> How to complete this task: Copy the listing below exactly, but skip the pictures.

> Material provided:
§
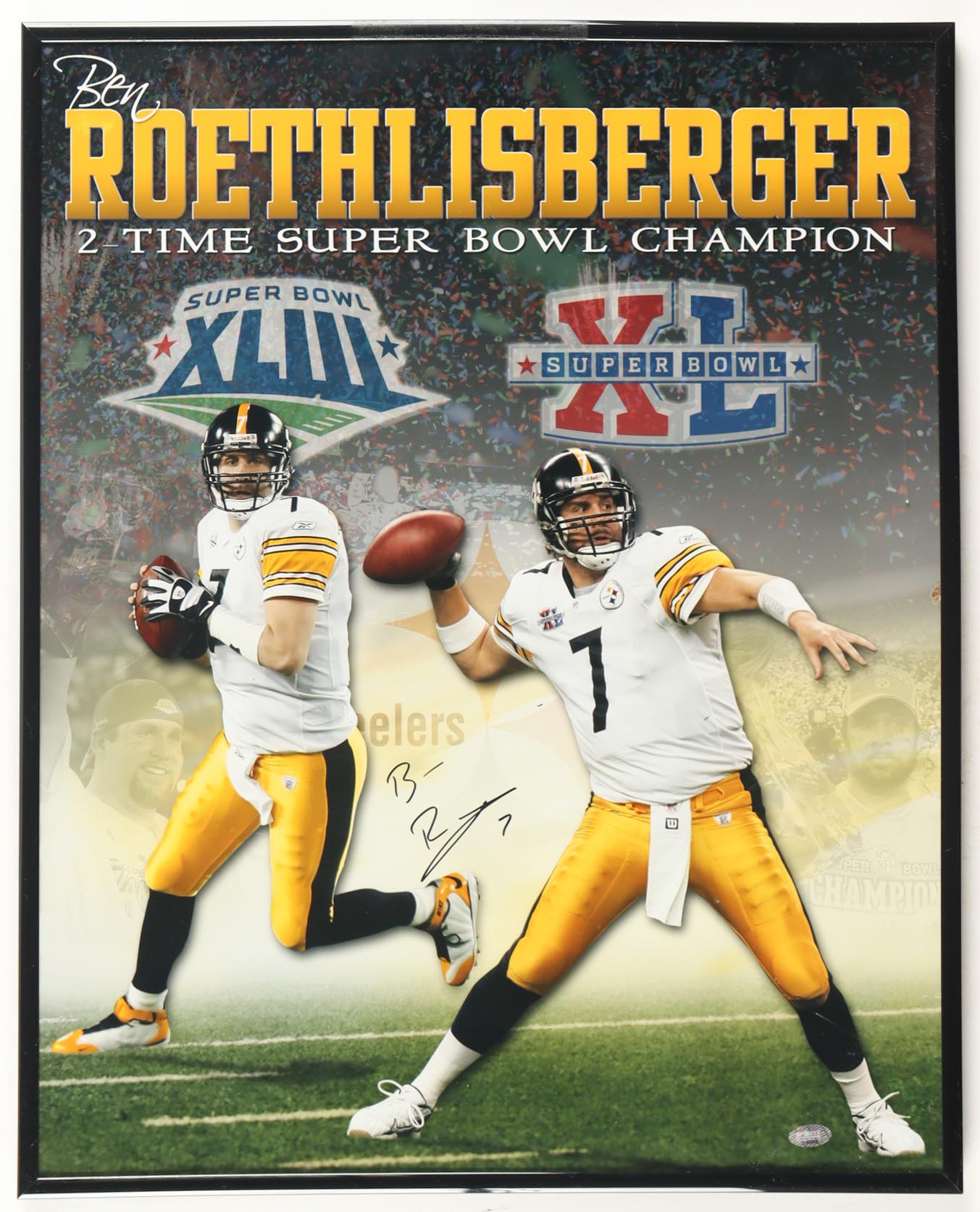 Custom frame measures approximately 16" x 20" in size. Hand-signed by Ben Roethlisberger (Pittsburgh Steelers).
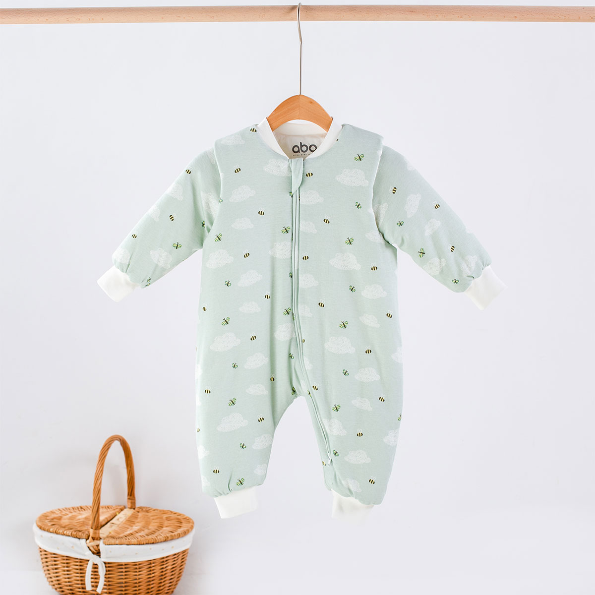 Βρεφικός υπνόσακος από την εταιρεία Abo σε βεραμάν χρώμα με συννεφάκια στο σχέδιο. Η εξωτερική επένδυση είναι ύφασμα από 100% βαμβάκι. Η γέμισή του είναι από πολυεστερική βάτα. Έχει δείκτη θερμότητας 2,5 tog, που τον καθιστά ιδανικό για δωμάτια με θερμοκρασία 16-20 βαθμούς Κελσίου. Έχει αποσπώμενα μανίκια με μικρό και λεπτό κούμπωμα στο μπράτσο. Διαθέτει φερμουάρ διπλής κατεύθυνσης με άνοιγμα στο πάνω αλλά και στο κάτω μέρος για εύκολη αλλαγή πάνας. Οι ραφές, τα φερμουάρ και τα κουμπιά είναι σχεδιασμένα να βρίσκονται στο εσωτερικό ύφασμα κρυμμένα, ώστε να μην αγγίζουν το δέρμα του μωρού. Φοριέται σαν ρουχαλάκι, χαρίζοντάς του ελευθερία κινήσεων, επιτρέποντάς του να σηκώνεται και να περπατά. Ο υπνόσακος εξασφαλίζει σταθερή θερμοκρασία σώματος, ελαχιστοποιώντας έτσι την πιθανότητα να κρυώσει ή να υπερθερμανθεί το μωρό.
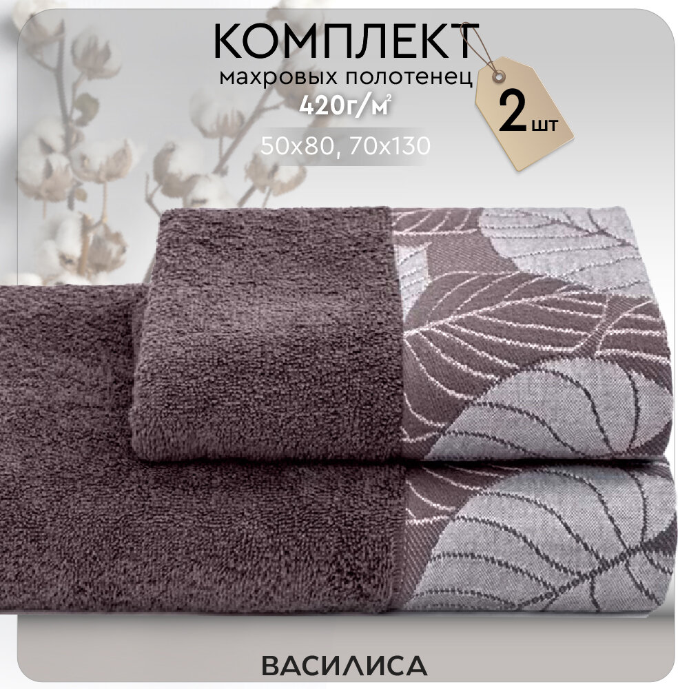 Набор махровых полотенец ECO-Life Flora, 50х80, 70х130, Графит интересное:
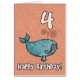 ハッピーバースデーのクジラ-年齢の特定の誕生日の挨拶状のかわいいザトウクジラ4歳の。 中の文字: "希望あります時間のクジラが!"
§
> The completed task:
 Custom frame measures approximately 16" x 20" in size. Hand-signed by Ben Roethlisberger (Pittsburgh Steelers).
 Βρεφικός υπνόσακος από την εταιρεία Abo σε βεραμάν χρώμα με συννεφάκια στο σχέδιο. Η εξωτερική επένδυση είναι ύφασμα από 100% βαμβάκι. Η γέμισή του είναι από πολυεστερική βάτα. Έχει δείκτη θερμότητας 2,5 tog, που τον καθιστά ιδανικό για δωμάτια με θερμοκρασία 16-20 βαθμούς Κελσίου. Έχει αποσπώμενα μανίκια με μικρό και λεπτό κούμπωμα στο μπράτσο. Διαθέτει φερμουάρ διπλής κατεύθυνσης με άνοιγμα στο πάνω αλλά και στο κάτω μέρος για εύκολη αλλαγή πάνας. Οι ραφές, τα φερμουάρ και τα κουμπιά είναι σχεδιασμένα να βρίσκονται στο εσωτερικό ύφασμα κρυμμένα, ώστε να μην αγγίζουν το δέρμα του μωρού. Φοριέται σαν ρουχαλάκι, χαρίζοντάς του ελευθερία κινήσεων, επιτρέποντάς του να σηκώνεται και να περπατά. Ο υπνόσακος εξασφαλίζει σταθερή θερμοκρασία σώματος, ελαχιστοποιώντας έτσι την πιθανότητα να κρυώσει ή να υπερθερμανθεί το μωρό.
 Набор махровых полотенец ECO-Life Flora, 50х80, 70х130, Графит интересное:
 ハッピーバースデーのクジラ-年齢の特定の誕生日の挨拶状のかわいいザトウクジラ4歳の。 中の文字: "希望あります時間のクジラが!"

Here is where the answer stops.